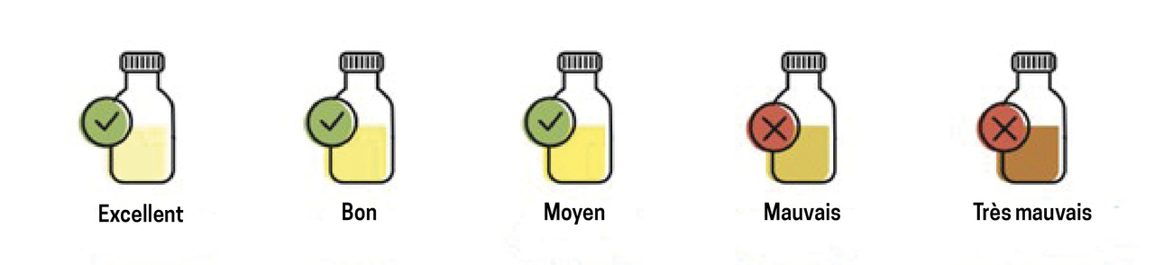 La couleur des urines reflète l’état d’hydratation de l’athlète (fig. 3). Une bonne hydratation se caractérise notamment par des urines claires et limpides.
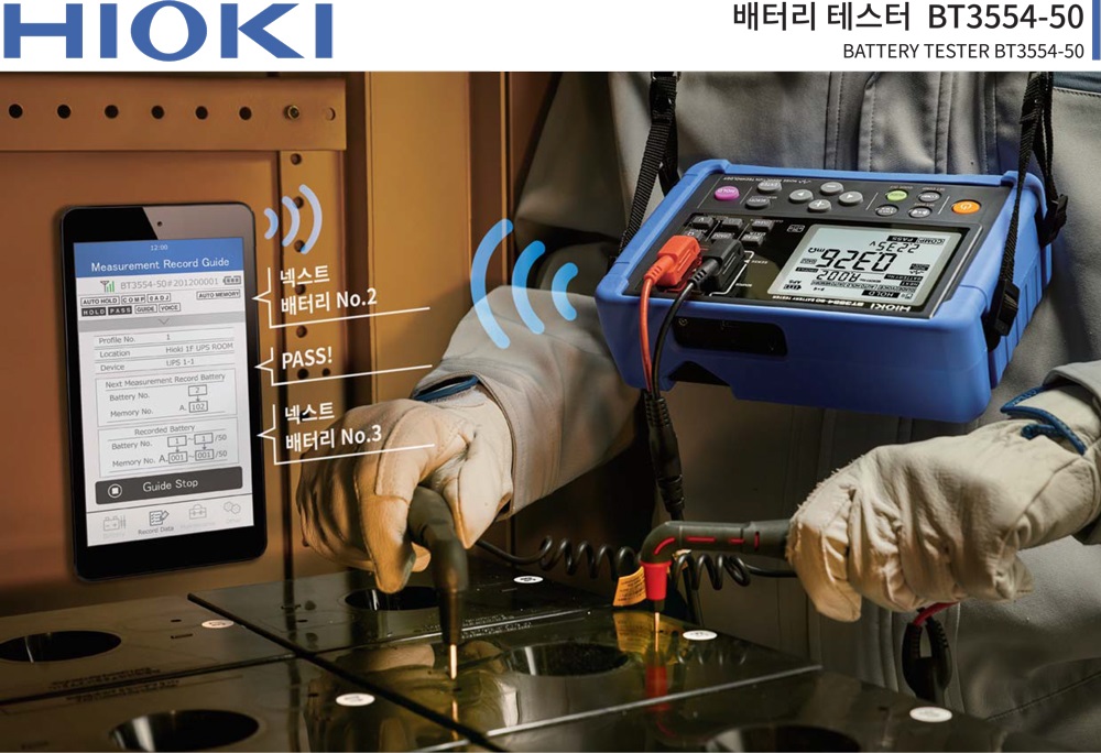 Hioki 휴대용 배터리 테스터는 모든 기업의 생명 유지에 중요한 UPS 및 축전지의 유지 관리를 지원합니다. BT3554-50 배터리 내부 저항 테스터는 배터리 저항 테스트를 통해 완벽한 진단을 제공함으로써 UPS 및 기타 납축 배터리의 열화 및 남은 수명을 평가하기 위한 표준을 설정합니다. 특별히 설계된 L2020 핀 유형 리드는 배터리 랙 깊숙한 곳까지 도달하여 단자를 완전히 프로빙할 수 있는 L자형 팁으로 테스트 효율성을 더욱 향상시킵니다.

_ _ _ _ _

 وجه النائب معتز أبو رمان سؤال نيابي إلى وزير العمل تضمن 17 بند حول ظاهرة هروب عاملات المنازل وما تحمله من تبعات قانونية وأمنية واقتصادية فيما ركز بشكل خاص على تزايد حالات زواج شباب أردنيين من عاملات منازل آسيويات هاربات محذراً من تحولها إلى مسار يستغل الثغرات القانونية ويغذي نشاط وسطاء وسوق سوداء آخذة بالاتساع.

_ _ _ _ _

Activity
Leave out every picture, and copy exactly the lines above starting at the one holding "La couleur des" and ending at the one holding "Hioki 휴대용 배터리", no more and no less.

Response area
 La couleur des urines reflète l’état d’hydratation de l’athlète (fig. 3). Une bonne hydratation se caractérise notamment par des urines claires et limpides.
 Hioki 휴대용 배터리 테스터는 모든 기업의 생명 유지에 중요한 UPS 및 축전지의 유지 관리를 지원합니다. BT3554-50 배터리 내부 저항 테스터는 배터리 저항 테스트를 통해 완벽한 진단을 제공함으로써 UPS 및 기타 납축 배터리의 열화 및 남은 수명을 평가하기 위한 표준을 설정합니다. 특별히 설계된 L2020 핀 유형 리드는 배터리 랙 깊숙한 곳까지 도달하여 단자를 완전히 프로빙할 수 있는 L자형 팁으로 테스트 효율성을 더욱 향상시킵니다.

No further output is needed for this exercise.